That svelte figure and heart-shaped face embody more than just the sensuality one might expect but also a voice and artistic confidence that's as daunting as it is seductive. Cynthia Felton is marrow-deep invested in the classics, her earlier discs re-exposing the work of Oscar Brown Jr., Duke Ellington, and an array of jazz standards bearers. Those releases attracted an arresting roster of top shelf musicians to Save Your Love in unusual configurations that set no ensemble firmly as touchstone but only the virtues of excellence and vibrancy. I mean, good Lord!, look at only a part of the roster: Patrice Rushen, Ronald Muldrow, Jeff 'Tain' Watts, Ndugu Chancler, Ernie Watts, Munyoungo Jackson, John Beasly, Wallace Roney, and many others. Someone fetch the smelling salts, I'm feeling faint.

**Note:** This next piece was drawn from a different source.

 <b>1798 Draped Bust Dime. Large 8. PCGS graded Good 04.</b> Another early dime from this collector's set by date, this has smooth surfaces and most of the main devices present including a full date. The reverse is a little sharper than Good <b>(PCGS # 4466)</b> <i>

It was more than a mutual love of the celebrated Nancy Wilson that got all these folks together, the artistic respect for such an interpreter as Felton was equally strong. Take for instance the long killer Robert Hurst bass solo in Dearly Beloved, after which Cynthia comes flying in with Ripperton-esque skylarking scat, percussionist Tain fragmenting the ground beneath her and Hurst's feet, yet they keep dancin' 'n boppin', she picking up the lyrics again at the end of that long and very hip middle eight. Felton's voice is just under a four octave range and gives her plenty of room to experiment and invent, so she does, time and again. She also executive produced, produced, and arranged everything (to the side, she holds a doctorate degree as well!!!), choosing the sagacious Al Schmitt to mix the affair, which is transparent and 3-D.

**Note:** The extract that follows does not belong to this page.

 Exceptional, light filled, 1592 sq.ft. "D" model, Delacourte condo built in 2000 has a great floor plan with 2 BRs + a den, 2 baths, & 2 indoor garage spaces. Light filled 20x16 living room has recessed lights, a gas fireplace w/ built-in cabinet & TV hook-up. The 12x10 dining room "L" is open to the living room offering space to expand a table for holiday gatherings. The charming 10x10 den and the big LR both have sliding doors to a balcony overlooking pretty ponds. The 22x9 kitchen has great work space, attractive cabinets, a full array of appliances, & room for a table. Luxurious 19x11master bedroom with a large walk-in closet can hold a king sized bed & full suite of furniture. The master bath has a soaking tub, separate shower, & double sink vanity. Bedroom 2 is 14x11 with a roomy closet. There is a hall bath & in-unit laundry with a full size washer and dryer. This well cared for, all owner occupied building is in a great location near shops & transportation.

Nancy Wilson recorded a staggering 50 LPs, and picking an 11-spot of tunes for this assemblage wasn't an easy task, but Felton started with 1960's Guess Who I Saw Today, Nance's signature, and moved forward, grabbing the 1954 A Sleepin' Bee (Truman Capote, co-lyricist) from Wilson's '61 rendition with Cannonball Adderly. West Coast Blues, my favorite cut, reminding one of Chaka Khan in a really spunky mood. Felton captures much of Wilson's spirit and inflections everywhere, and we have to wonder what a duet with the two would have been like…or rather, sigh!, one dreams such things. But regardless, the stellar accompaniment bolstering Felton's gamboling and balladry makes Save Your Love for Me achieve the level of a very hip Vegas cabaret concert…and the really nice side feature is that you don't have to stand in an interminable line, watch preening celebs take cuts, pay half a million simolians for the tickets, or buy the 30 drink minimum; you get just about everything without all the nonsense, as much as you want and for as long as you want. That's the miracle of CDs.